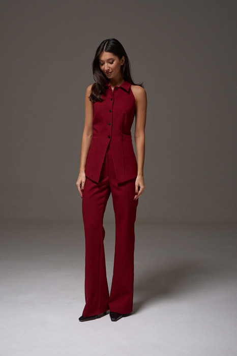 Брюки полуприлегающего силуэта с разведением к низу. Характеристики: полуприлегающий силуэт, пояс стабильный, по переднему и заднему полотну брюк стрелки, по заднему полотну прорезные кармашки обманки, длинна брюк по боковому шву 112 см.
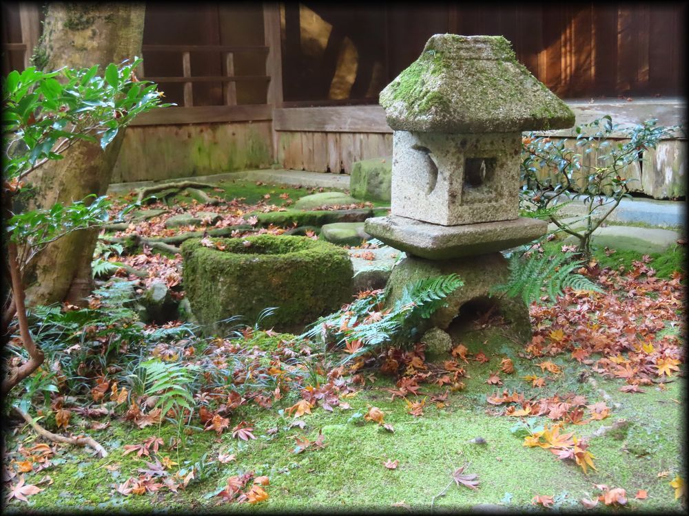 葛屋形灯籠と苔むした手水鉢、楓の落ち葉が枯れた美しさ
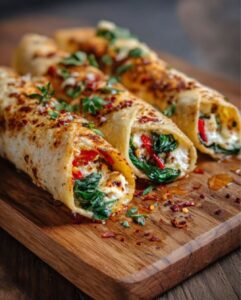 4️⃣ While the feta is baking, prepare the tortillas by placing spinach and red bell pepper slices on each tortilla.
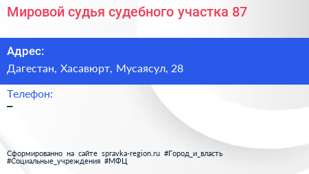 Мировой судья судебного участка №87 по адресу Дагестан, Хасавюрт, Мусаясул, 28 в дальнейшем Организация, размещена в следующих категориях:
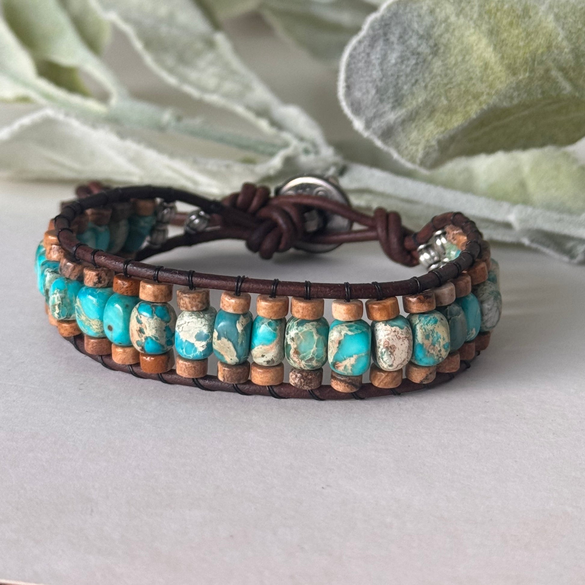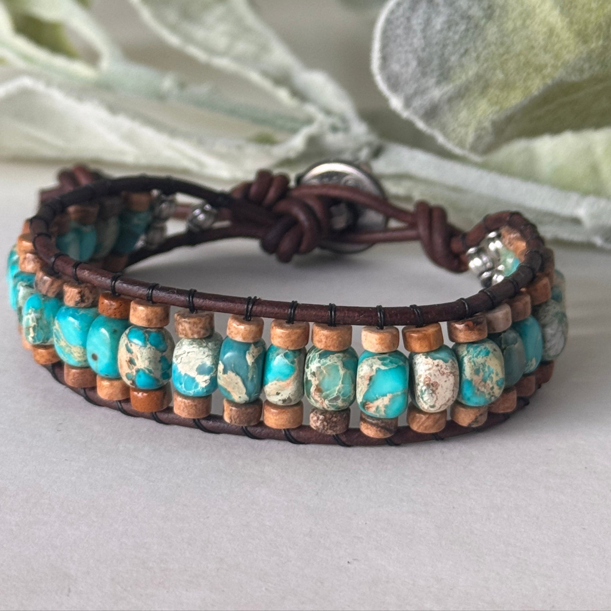 The "Earth & Ocean Harmony: Picture Jasper and Sea Sediment Leather Wrap Bracelet" is a men's beaded bracelet handcrafted by Mad Daisy Jewelry in the United States. The bracelet features turquoise colored Jasper gemstone beads, with a main stone width of 5 mm and a length of 7 mm. The beads are strung on a brown leather cord, adding a touch of rustic charm to the overall design. This unique piece combines natural elements with a stylish beaded look, making it a standout accessory for any man's wardrobe.
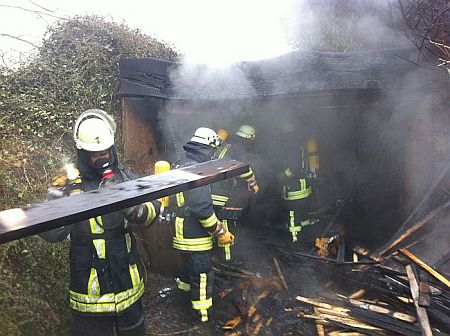 Vor Ort stellte sich die Lage so dar, dass ein mehr oder weniger in die Erde gebautes ehemaliges Saunagebäude als Trockenraum für eingelagertes Holz genutzt wurde und nun in Vollbrand stand. Erhebliche Rauchbildung machte es den Einsatzkräften bei der Brandbekämpfung schwer. Ausserdem die Situation, dass sich das Brandobjekt wie ein Stollen darstellte, in dem neben den Holzeinlagerungen auch zwei Gasflaschen zu bergen waren, von denen eine bereits brannte.

┄┄┄┄┄┄┄┄┄┄┄┄┄┄┄┄┄┄┄┄

(What the task asks)
Quote every record above exactly, leaving out the pictures.

(Task response)
 Брюки полуприлегающего силуэта с разведением к низу. Характеристики: полуприлегающий силуэт, пояс стабильный, по переднему и заднему полотну брюк стрелки, по заднему полотну прорезные кармашки обманки, длинна брюк по боковому шву 112 см.
 葛屋形灯籠と苔むした手水鉢、楓の落ち葉が枯れた美しさ
 4️⃣ While the feta is baking, prepare the tortillas by placing spinach and red bell pepper slices on each tortilla.
 Мировой судья судебного участка №87 по адресу Дагестан, Хасавюрт, Мусаясул, 28 в дальнейшем Организация, размещена в следующих категориях:
 The "Earth & Ocean Harmony: Picture Jasper and Sea Sediment Leather Wrap Bracelet" is a men's beaded bracelet handcrafted by Mad Daisy Jewelry in the United States. The bracelet features turquoise colored Jasper gemstone beads, with a main stone width of 5 mm and a length of 7 mm. The beads are strung on a brown leather cord, adding a touch of rustic charm to the overall design. This unique piece combines natural elements with a stylish beaded look, making it a standout accessory for any man's wardrobe.
 Vor Ort stellte sich die Lage so dar, dass ein mehr oder weniger in die Erde gebautes ehemaliges Saunagebäude als Trockenraum für eingelagertes Holz genutzt wurde und nun in Vollbrand stand. Erhebliche Rauchbildung machte es den Einsatzkräften bei der Brandbekämpfung schwer. Ausserdem die Situation, dass sich das Brandobjekt wie ein Stollen darstellte, in dem neben den Holzeinlagerungen auch zwei Gasflaschen zu bergen waren, von denen eine bereits brannte.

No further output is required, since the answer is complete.